Cancer - medicalcoder::comorbidities() sets malignant cancer (mal) to 0 when metastatic solid tumor (mst) is present. MIMIC retains both flags.

delta[mal == 1L & mst == 1L, .N == 0L] # medicalcoder
## [1] TRUE
delta[malignant_cancer == 1L & metastatic_solid_tumor == 1L, .N > 0L] # MIMIC
## [1] TRUE

delta[malignant_cancer == 0L & metastatic_solid_tumor == 0L, .N > 0L & all(mal == 0L) & all(mst == 0L)]
## [1] TRUE
delta[malignant_cancer == 1L & metastatic_solid_tumor == 0L, .N > 0L & all(mal == 1L) & all(mst == 0L)]
## [1] TRUE
delta[malignant_cancer == 0L & metastatic_solid_tumor == 1L, .N > 0L &                 all(mst == 1L)]
## [1] TRUE
delta[malignant_cancer == 1L & metastatic_solid_tumor == 1L, .N > 0L &                 all(mst == 1L)]
## [1] TRUE

delta[mal == 0L & mst == 0L, .N > 0L & all(malignant_cancer == 0L) & all(metastatic_solid_tumor == 0L)]
## [1] TRUE
delta[mal == 1L & mst == 0L, .N > 0L & all(malignant_cancer == 1L) & all(metastatic_solid_tumor == 0L)]
## [1] TRUE
delta[mal == 0L & mst == 1L, .N > 0L &                              all(metastatic_solid_tumor == 1L)]
## [1] TRUE
delta[mal == 1L & mst == 1L, .N == 0L]
## [1] TRUE

delta[, mal := NULL]
delta[, mst := NULL]
delta[, malignant_cancer := NULL]
delta[, metastatic_solid_tumor := NULL]

Liver disease - medicalcoder::comorbidities() sets the flag for mild liver disease (mld) to 0 when moderate/severe liver disease (msld) is flagged. MIMIC retains both flags.

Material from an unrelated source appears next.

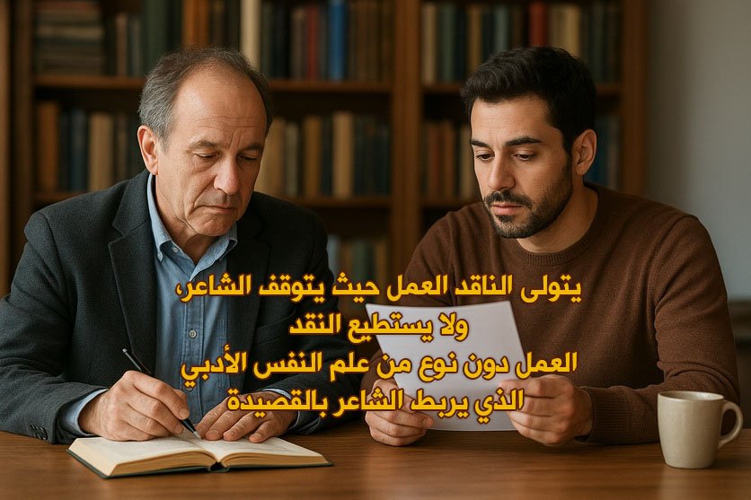يتولى الناقد العمل حيث يتوقف الشاعر، ولا يستطيع النقد العمل دون نوع من علم النفس الأدبي الذي يربط الشاعر بالقصيدة. وقد يكون جزءاً من ذلك العلم دراسة نفسية الشاعر مع أن هذه الدراسة مفيدة بشكل رئيسي في تحليل الاخفاقات في تعبيره. فالعقل وحده دون الغريزة الفنية لا يمكن أن يوّلد شاعراً كبيراً، ولا عبقرياً عظيماً في مجال الشعر، بل والفنون، والحديث شجون، ولله في خلقه شؤون!.

delta[mld == 1L & msld == 1L, .N == 0L] # medicalcoder
## [1] TRUE
delta[mild_liver_disease == 1L & severe_liver_disease == 1L, .N > 0L] # MIMIC
## [1] TRUE

delta[mild_liver_disease == 0L & severe_liver_disease == 0L, .N > 0L & all(mld == 0L) & all(msld == 0L)]
## [1] TRUE
delta[mild_liver_disease == 1L & severe_liver_disease == 0L, .N > 0L & all(mld == 1L) & all(msld == 0L)]
## [1] TRUE
delta[mild_liver_disease == 0L & severe_liver_disease == 1L, .N > 0L &                 all(msld == 1L)]
## [1] TRUE
delta[mild_liver_disease == 1L & severe_liver_disease == 1L, .N > 0L &                 all(msld == 1L)]
## [1] TRUE

delta[mld == 0L & msld == 0L, .N > 0L & all(mild_liver_disease == 0L) & all(severe_liver_disease == 0L)]
## [1] TRUE
delta[mld == 1L & msld == 0L, .N > 0L & all(mild_liver_disease == 1L) & all(severe_liver_disease == 0L)]
## [1] TRUE
delta[mld == 0L & msld == 1L, .N > 0L &                                all(severe_liver_disease == 1L)]
## [1] TRUE
delta[mld == 1L & msld == 1L, .N == 0L]
## [1] TRUE

delta[, mld := NULL]
delta[, msld := NULL]
delta[, mild_liver_disease := NULL]
delta[, severe_liver_disease := NULL]

All that is left in the delta data.frame are the id.vars and the num_cmrb, and cmrb_flag. These columns are from medicalcoder::comorbidities() and report the number of comorbidities flagged and indicator for any comorbidity.

str(delta)
## Classes 'medicalcoder_comorbidities', 'data.table' and 'data.frame': 38262 obs. of  4 variables:
##  $ subject_id: int  10000 10002 10005 10006 10008 10010 10014 10015 10017 10018 ...
##  $ hadm_id   : chr  "10000e1" "10002e1" "10005e1" "10006e1" ...
##  $ num_cmrb  : int  1 0 1 0 0 0 0 1 0 0 ...
##  $ cmrb_flag : int  1 0 1 0 0 0 0 1 0 0 ...
##  - attr(*, ".internal.selfref")=<externalptr> 
##  - attr(*, "sorted")= chr [1:2] "subject_id" "hadm_id"
##  - attr(*, "index")= int(0)

References

Johnson, Alistair E W, David J Stone, Leo A Celi, and Tom J Pollard. 2018. “The MIMIC Code Repository: Enabling Reproducibility in Critical Care Research.” Journal of the American Medical Informatics Association 25 (1): 32–39.